-- Data records follows --

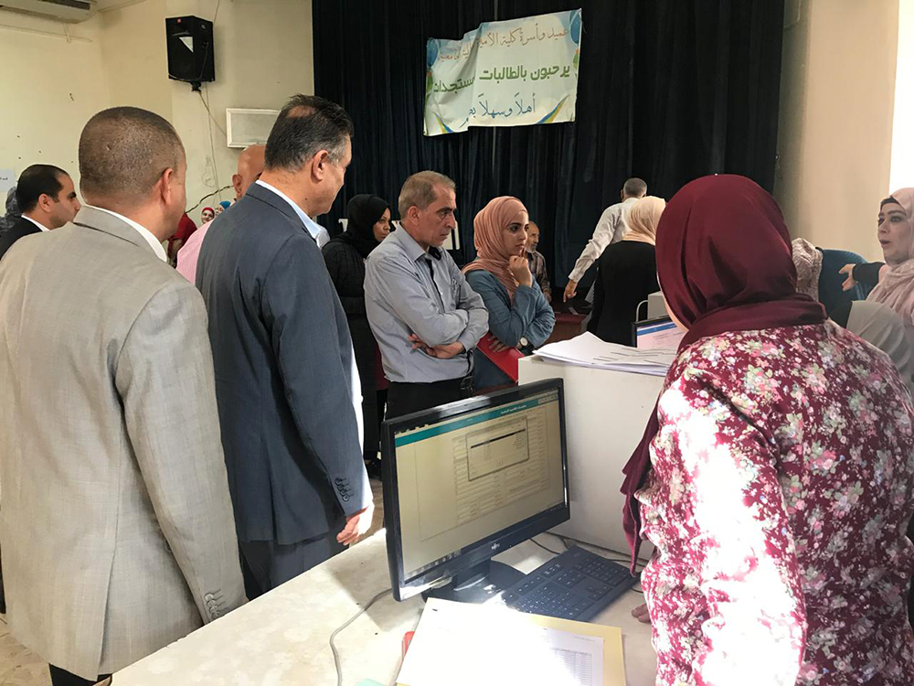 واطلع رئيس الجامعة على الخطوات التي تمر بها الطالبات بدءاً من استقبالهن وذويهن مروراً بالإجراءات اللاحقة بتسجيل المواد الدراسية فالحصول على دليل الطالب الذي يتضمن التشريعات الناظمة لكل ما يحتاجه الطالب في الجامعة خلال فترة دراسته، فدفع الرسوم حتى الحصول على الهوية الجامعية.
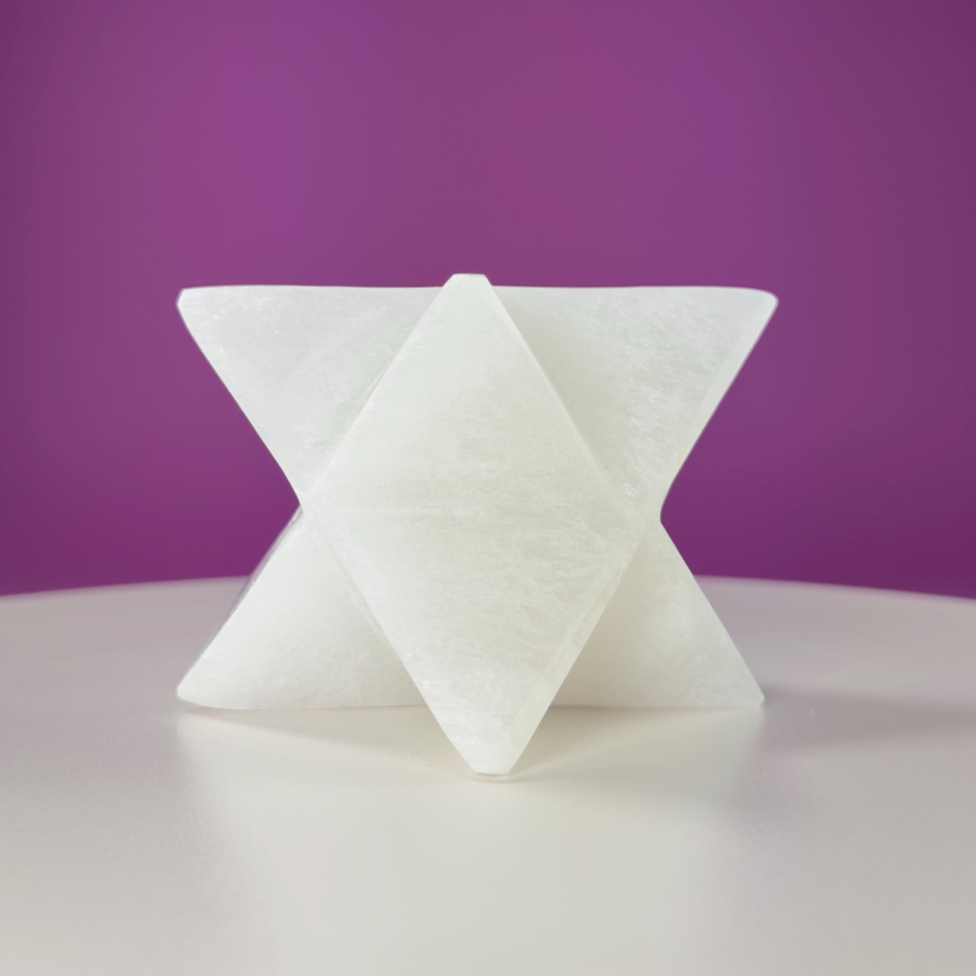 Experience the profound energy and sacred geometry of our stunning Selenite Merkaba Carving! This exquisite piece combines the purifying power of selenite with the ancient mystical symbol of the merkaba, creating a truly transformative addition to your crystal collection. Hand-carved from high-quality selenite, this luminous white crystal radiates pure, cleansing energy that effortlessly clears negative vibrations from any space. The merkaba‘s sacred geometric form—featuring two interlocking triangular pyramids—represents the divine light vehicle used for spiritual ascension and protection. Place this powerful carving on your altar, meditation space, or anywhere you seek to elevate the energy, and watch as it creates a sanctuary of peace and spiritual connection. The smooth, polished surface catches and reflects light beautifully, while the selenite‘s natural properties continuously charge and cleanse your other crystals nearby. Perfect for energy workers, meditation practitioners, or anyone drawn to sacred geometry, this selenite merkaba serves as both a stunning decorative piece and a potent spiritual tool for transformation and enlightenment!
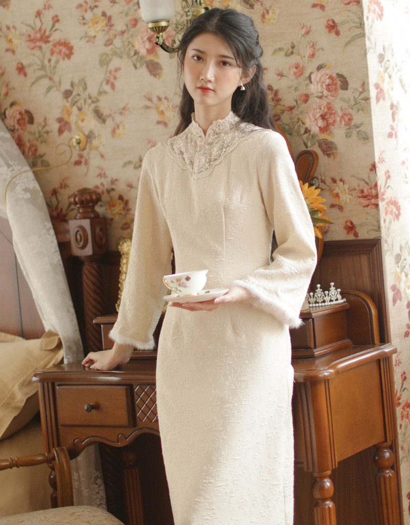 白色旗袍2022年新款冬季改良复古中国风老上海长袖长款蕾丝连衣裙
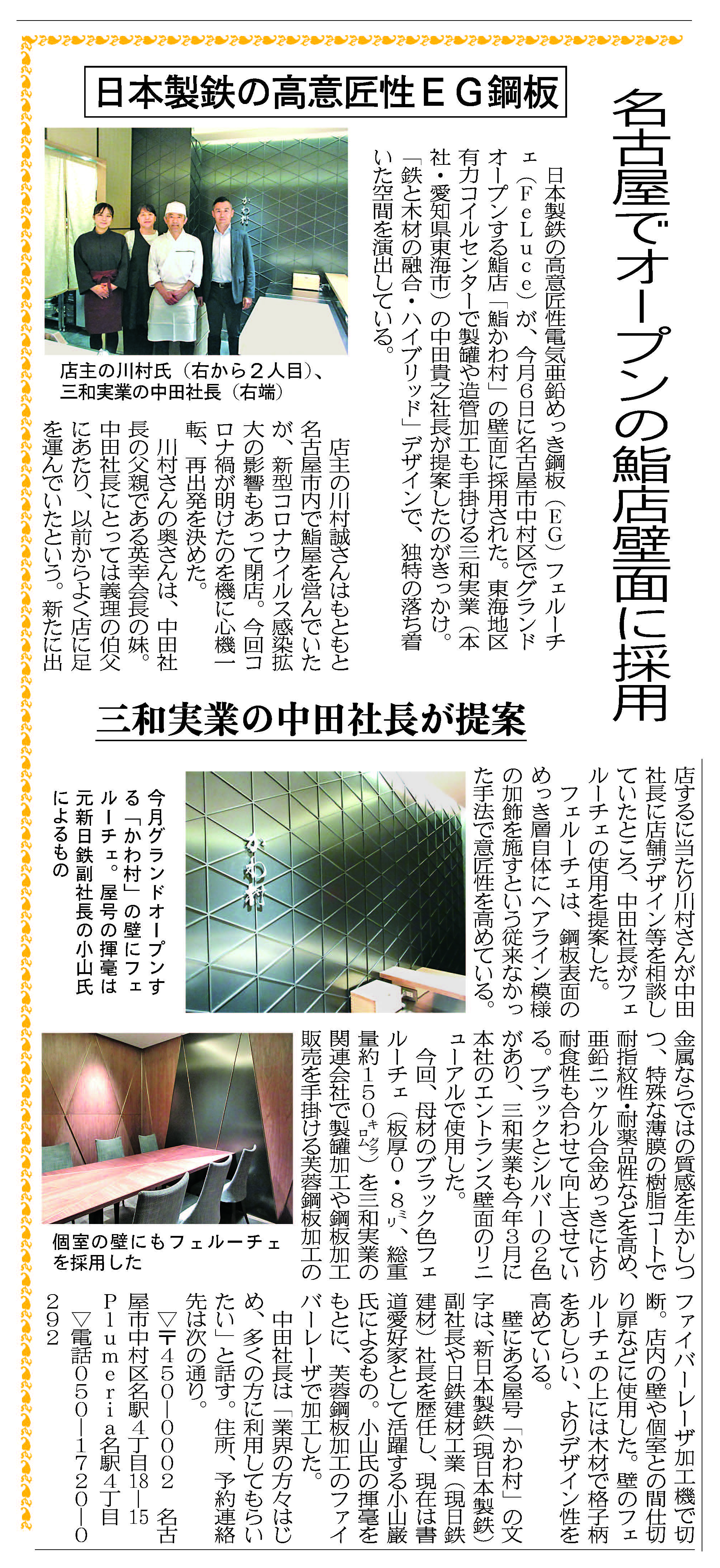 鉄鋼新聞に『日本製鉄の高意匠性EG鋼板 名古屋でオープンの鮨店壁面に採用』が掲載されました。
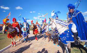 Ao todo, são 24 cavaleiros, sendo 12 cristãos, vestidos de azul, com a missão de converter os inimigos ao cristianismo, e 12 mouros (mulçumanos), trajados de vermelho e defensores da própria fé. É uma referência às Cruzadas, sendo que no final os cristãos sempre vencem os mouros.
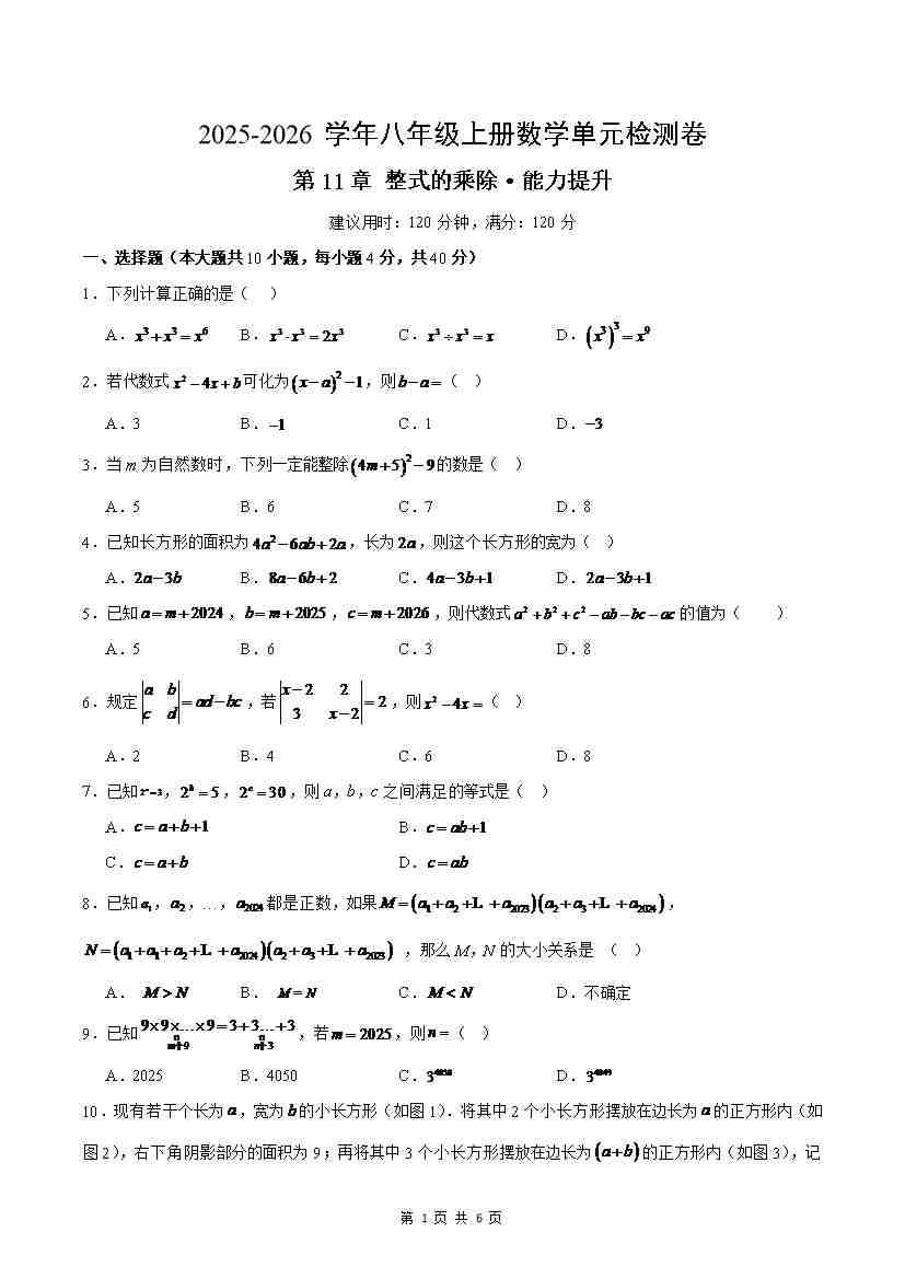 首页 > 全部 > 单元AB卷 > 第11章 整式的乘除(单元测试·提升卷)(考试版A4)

-- Data records concluded --
-- Data records follows --

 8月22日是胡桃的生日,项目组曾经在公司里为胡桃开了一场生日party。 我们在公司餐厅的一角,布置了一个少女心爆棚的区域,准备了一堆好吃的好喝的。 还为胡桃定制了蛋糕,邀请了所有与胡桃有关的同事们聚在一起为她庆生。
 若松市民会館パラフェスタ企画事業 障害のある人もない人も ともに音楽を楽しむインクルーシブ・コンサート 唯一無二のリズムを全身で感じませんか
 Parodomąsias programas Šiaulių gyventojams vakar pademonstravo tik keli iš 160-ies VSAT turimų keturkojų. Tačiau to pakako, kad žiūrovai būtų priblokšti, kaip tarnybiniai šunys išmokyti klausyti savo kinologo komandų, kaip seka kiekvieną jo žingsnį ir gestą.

-- Data records concluded --
-- Data records follows --

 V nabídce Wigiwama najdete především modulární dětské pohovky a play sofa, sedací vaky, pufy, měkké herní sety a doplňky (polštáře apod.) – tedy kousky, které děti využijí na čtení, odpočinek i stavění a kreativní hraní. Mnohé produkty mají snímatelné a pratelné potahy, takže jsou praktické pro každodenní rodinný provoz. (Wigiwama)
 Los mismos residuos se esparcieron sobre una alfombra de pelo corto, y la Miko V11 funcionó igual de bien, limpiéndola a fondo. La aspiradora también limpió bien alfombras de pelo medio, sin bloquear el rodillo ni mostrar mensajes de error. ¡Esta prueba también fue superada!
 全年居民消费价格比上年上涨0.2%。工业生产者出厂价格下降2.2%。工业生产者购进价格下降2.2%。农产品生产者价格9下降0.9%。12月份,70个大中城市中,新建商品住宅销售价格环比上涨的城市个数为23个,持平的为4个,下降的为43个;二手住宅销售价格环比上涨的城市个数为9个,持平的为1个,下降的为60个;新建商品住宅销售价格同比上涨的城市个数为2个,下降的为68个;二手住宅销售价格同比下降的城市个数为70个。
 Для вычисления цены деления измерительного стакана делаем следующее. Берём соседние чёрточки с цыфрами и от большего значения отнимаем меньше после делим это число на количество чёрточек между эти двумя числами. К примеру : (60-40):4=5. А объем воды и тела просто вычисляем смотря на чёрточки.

-- Data records concluded --

• **Work required**: Pictures are to be left out. Write out only the lines above starting at the one with "واطلع رئيس الجامعة" and ending at the one with "Ao todo, são", both lines included, exactly.

• **Solution to this exercise**:
 واطلع رئيس الجامعة على الخطوات التي تمر بها الطالبات بدءاً من استقبالهن وذويهن مروراً بالإجراءات اللاحقة بتسجيل المواد الدراسية فالحصول على دليل الطالب الذي يتضمن التشريعات الناظمة لكل ما يحتاجه الطالب في الجامعة خلال فترة دراسته، فدفع الرسوم حتى الحصول على الهوية الجامعية.
 Experience the profound energy and sacred geometry of our stunning Selenite Merkaba Carving! This exquisite piece combines the purifying power of selenite with the ancient mystical symbol of the merkaba, creating a truly transformative addition to your crystal collection. Hand-carved from high-quality selenite, this luminous white crystal radiates pure, cleansing energy that effortlessly clears negative vibrations from any space. The merkaba‘s sacred geometric form—featuring two interlocking triangular pyramids—represents the divine light vehicle used for spiritual ascension and protection. Place this powerful carving on your altar, meditation space, or anywhere you seek to elevate the energy, and watch as it creates a sanctuary of peace and spiritual connection. The smooth, polished surface catches and reflects light beautifully, while the selenite‘s natural properties continuously charge and cleanse your other crystals nearby. Perfect for energy workers, meditation practitioners, or anyone drawn to sacred geometry, this selenite merkaba serves as both a stunning decorative piece and a potent spiritual tool for transformation and enlightenment!
 白色旗袍2022年新款冬季改良复古中国风老上海长袖长款蕾丝连衣裙
 鉄鋼新聞に『日本製鉄の高意匠性EG鋼板 名古屋でオープンの鮨店壁面に採用』が掲載されました。
 Ao todo, são 24 cavaleiros, sendo 12 cristãos, vestidos de azul, com a missão de converter os inimigos ao cristianismo, e 12 mouros (mulçumanos), trajados de vermelho e defensores da própria fé. É uma referência às Cruzadas, sendo que no final os cristãos sempre vencem os mouros.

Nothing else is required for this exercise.